- League: Nippon Professional Baseball
- Sport: Baseball

Regular season
- Season MVP: CL: Koji Yamamoto (HIR) PL: Hideji Kato (HAN)

League postseason
- CL champions: Hiroshima Toyo Carp
- CL runners-up: Chunichi Dragons
- PL champions: Hankyu Braves
- PL runners-up: Kintetsu Buffaloes

Japan Series
- Champions: Hankyu Braves
- Runners-up: Hiroshima Toyo Carp
- Finals MVP: Takashi Yamada (HAN)

NPB seasons
- ← 19741976 →

= 1975 Nippon Professional Baseball season =

The 1975 Nippon Professional Baseball season was the 26th season of operation for the league.
This would be a watershed year for the league at large with the Pacific League officially adopting the designated hitter rule, just two years following its introduction in Major League Baseball with the American League.
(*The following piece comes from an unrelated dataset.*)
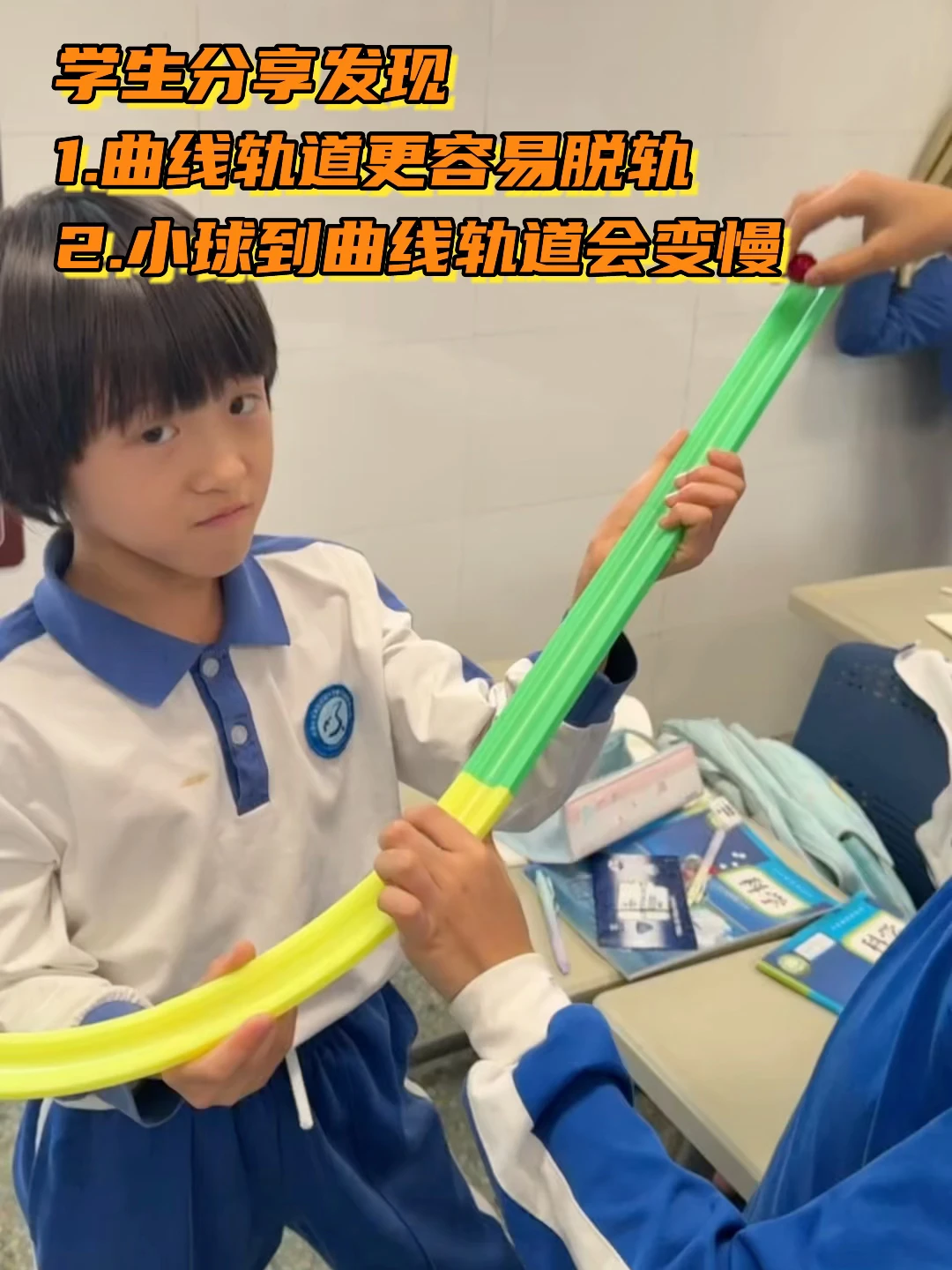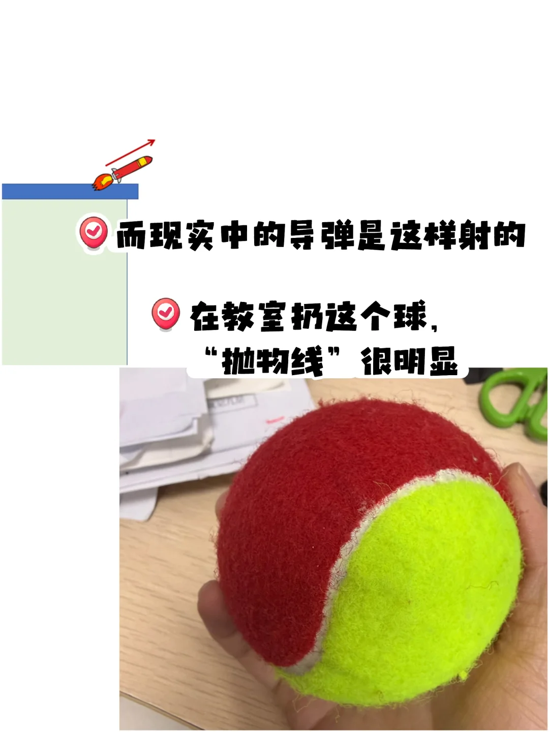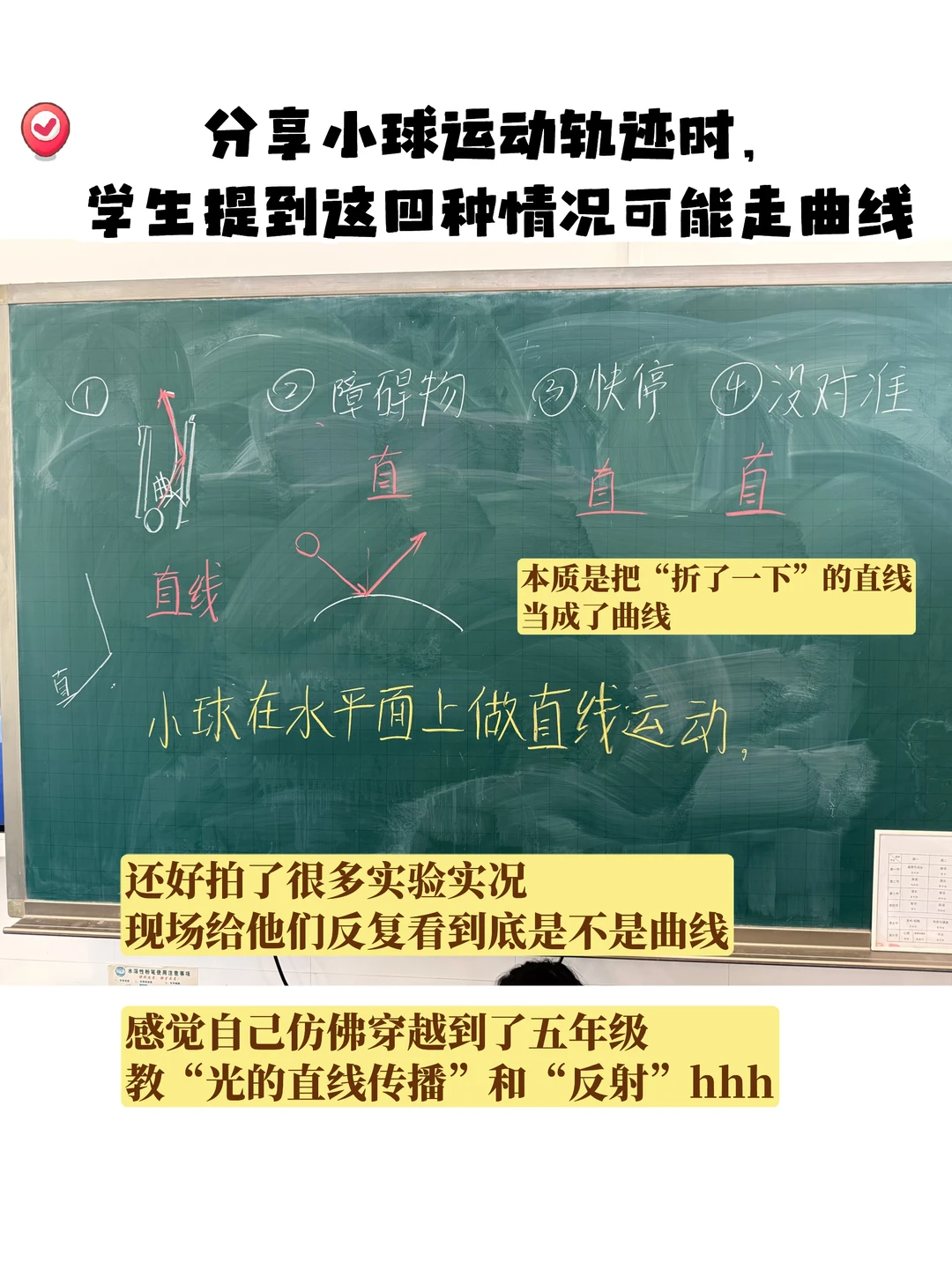 之前跟孟醒老师聊天聊到过这一课 他提到要让学生知道【研究运动轨迹的意义】是什么, 提到了我国运动轨迹无法被预测的钱学森弹道! [黄金薯R]我突然悟了! 原来之前觉得这课简单,是因为只上到了表面! 🔵🔴三年级科学-《直线运动与曲线运动》 (上了两节课) 1️⃣实验一:击球挑战(p2) [爆炸R]发现这里三年级学生和五年级学生的共同点是——会把【折了一下的直线】当【曲线】 [星R][星R]所以研讨时一一列出学生提到的“会走曲线”的情况 再用实验时拍的实况图(转视频)一个个击破! 👦🏻👧🏻:居然都是直线! [集美R]:有没办法让小球在【水平面】上曲线运动? →用轨道【固定运动轨迹】 2️⃣实验二:不同轨道上的运动对比(p7) [集美R]:你在使用两种轨道时,有什么神奇发现? 把问题问“大”!学生能讲很多! 研讨重点: 📍一定会脱轨吗?什么情况会脱轨? 📍为什么在曲线轨道更容易脱轨?怎么预防? [爆炸R][爆炸R]呼应【研究运动轨迹研究的意义】——帮你击球 也可以帮我们【拦截导弹】! 3️⃣“导弹”轨迹预测(把小球假装成导弹了hhh) 📍你认为哪种不可能,为什么? 💣认知冲突集中在: 【速度足够小】时是否可能直接垂直下落? 和【速度足够大】时是否可能直线往前飞? 4️⃣实验三:“导弹拦截”(p11) 5️⃣研讨 🟡【速度足够小】的情况可以用大球演示 ✅解释:小球之所以能掉下来就说明还存在【往前运动】的速度和能量(好多学生上这一课用“能量”来解释👍) 🟡【速度足够大】的情况只能进行【思想实验】 提示:离开桌面小球会受到把它向下拽的重力作用 ❌所以不可能是直线 6️⃣现实中的导弹拦截——【抛物线】 时间够的班在班里还又玩了一次“导弹拦截”, 我抛出“导弹”,学生用另一个“导弹”来击打我的导弹 7️⃣拓:钱学森弹道 正是因为不是常规“抛物线”,而是在空中“打水漂”,轨迹不可预测,是我们的国之重器!

==Regular season standings==

===Central League===

| Central League | G | W | L | T | Pct. | GB |
|---|---|---|---|---|---|---|
| Hiroshima Toyo Carp | 130 | 72 | 47 | 11 | .605 | -- |
| Chunichi Dragons | 130 | 69 | 53 | 8 | .566 | 4.5 |
| Hanshin Tigers | 130 | 68 | 55 | 7 | .553 | 6.0 |
| Yakult Swallows | 130 | 57 | 64 | 9 | .471 | 16.0 |
| Taiyo Whales | 130 | 51 | 69 | 10 | .425 | 21.5 |
| Yomiuri Giants | 130 | 47 | 76 | 7 | .382 | 27.0 |

===Pacific League===

| Pacific League | G | W | L | T | Pct. | 1st half ranking | 2nd half ranking |
|---|---|---|---|---|---|---|---|
| Hankyu Braves | 130 | 64 | 59 | 7 | .520 | 1 | 6 |
| Kintetsu Buffaloes | 130 | 71 | 50 | 9 | .587 | 3 | 1 |
| Taiheiyo Club Lions | 130 | 58 | 62 | 10 | .483 | 2 | 4 |
| Lotte Orions | 130 | 59 | 65 | 6 | .476 | 6 | 2 |
| Nankai Hawks | 130 | 57 | 65 | 8 | .467 | 5 | 3 |
| Nippon-Ham Fighters | 130 | 55 | 63 | 12 | .466 | 4 | 4 |

==Pacific League playoff==
The Pacific League teams with the best first and second-half records met in a best-of-five playoff series to determine the league representative in the Japan Series.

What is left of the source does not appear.